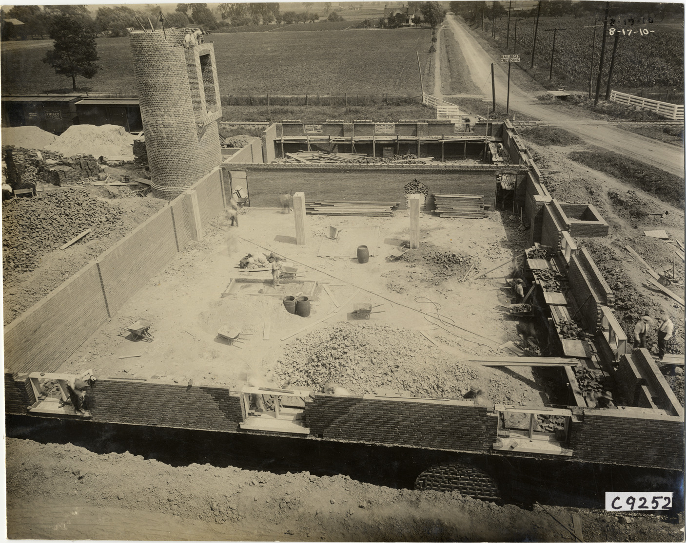 View of foundation construction of Lozier Motor Company factory. Fields and railroad crossing in background. Handwritten on front: "8-17-10." Handwritten on back: "Factories--Lozier, 1910."
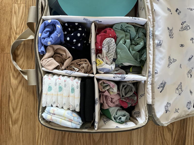 But I think that changed, once I opened the Hideaway Carry-on Duffel Bag for travel. It’s a sturdy duffel bag, and as you explore it, there are more highlights at every turn. It’s made for expertly organizing your baby, toddler or child’s things while you’re in transit, and that helps a lot, given all the chaos of family travel.
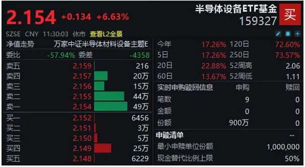 在指数上行的预期共识下,一个核心领涨赛道已率先突围——半导体设备板块开年便掀起涨停潮,半导体设备ETF基金(159327)开年以来短短两个半交易日涨幅达17.26%,截至今天午盘,大涨6.63%。
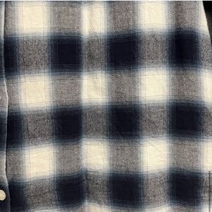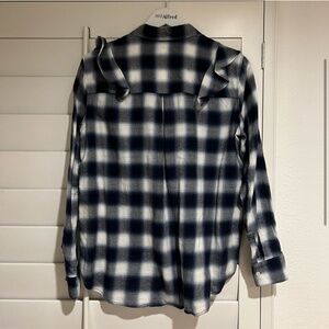 CLUB MONACO EUC Evira M Plaid Flannel Ruffle Shoulder Top Shirt Button Front
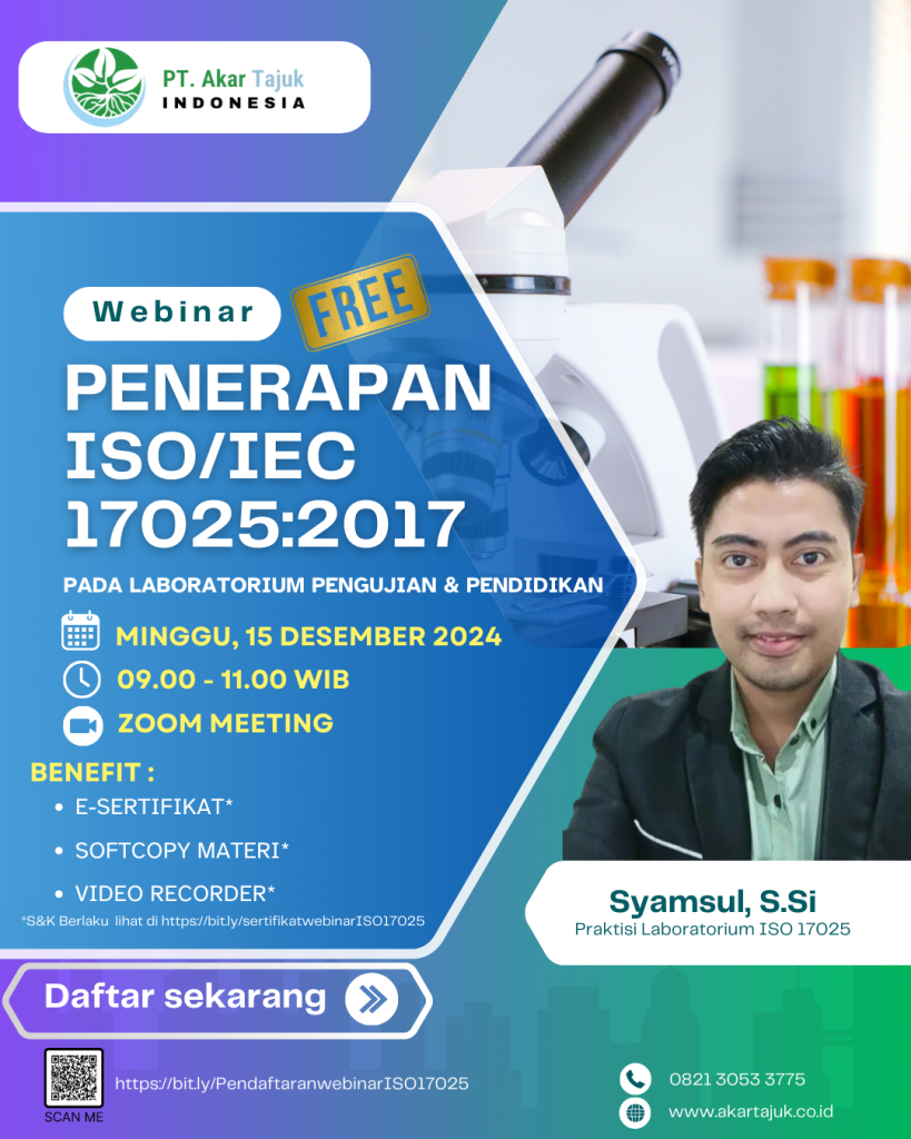 Yuks gabung & ikutan di webinar kami bersama Akar Tajuk Indonesia untuk tau seberapa pentingnya fungsi penerapan ISO 17025:2017 Bagi laboratorium pengujian & pendidikan
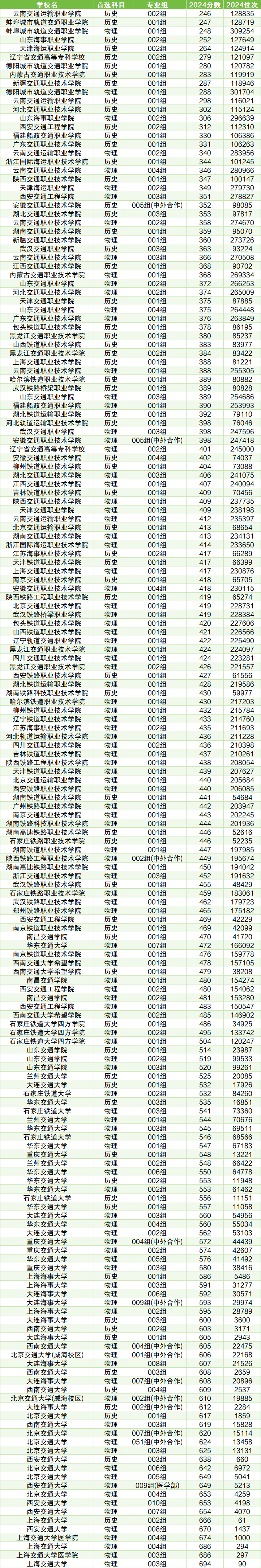 以历史类为例,考生可报考的最低分交通类大学有云南交通运输职业学院(002组),2024年最低分均为246分。
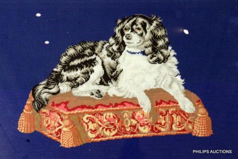 A VICTORIAN PETIT POINT TAPESTRY FRAMED PANEL OF A KING CHARLES SPANIEL
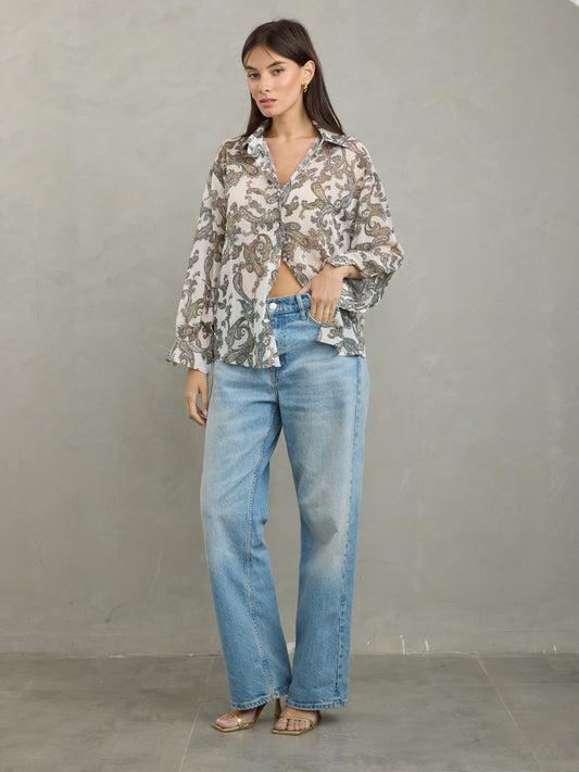 חולצה מכופתרת הדפס פייזלי | בז'
────────────────────────────────────────
*Goal of the exercise:* Return exactly the lines starting at the line with "CLUB MONACO EUC" and ending at the last line of the listing, both ends included; pictures are to be left out.

*Solved exercise:*
 CLUB MONACO EUC Evira M Plaid Flannel Ruffle Shoulder Top Shirt Button Front
 Yuks gabung & ikutan di webinar kami bersama Akar Tajuk Indonesia untuk tau seberapa pentingnya fungsi penerapan ISO 17025:2017 Bagi laboratorium pengujian & pendidikan
 以历史类为例,考生可报考的最低分交通类大学有云南交通运输职业学院(002组),2024年最低分均为246分。
 A VICTORIAN PETIT POINT TAPESTRY FRAMED PANEL OF A KING CHARLES SPANIEL
 חולצה מכופתרת הדפס פייזלי | בז'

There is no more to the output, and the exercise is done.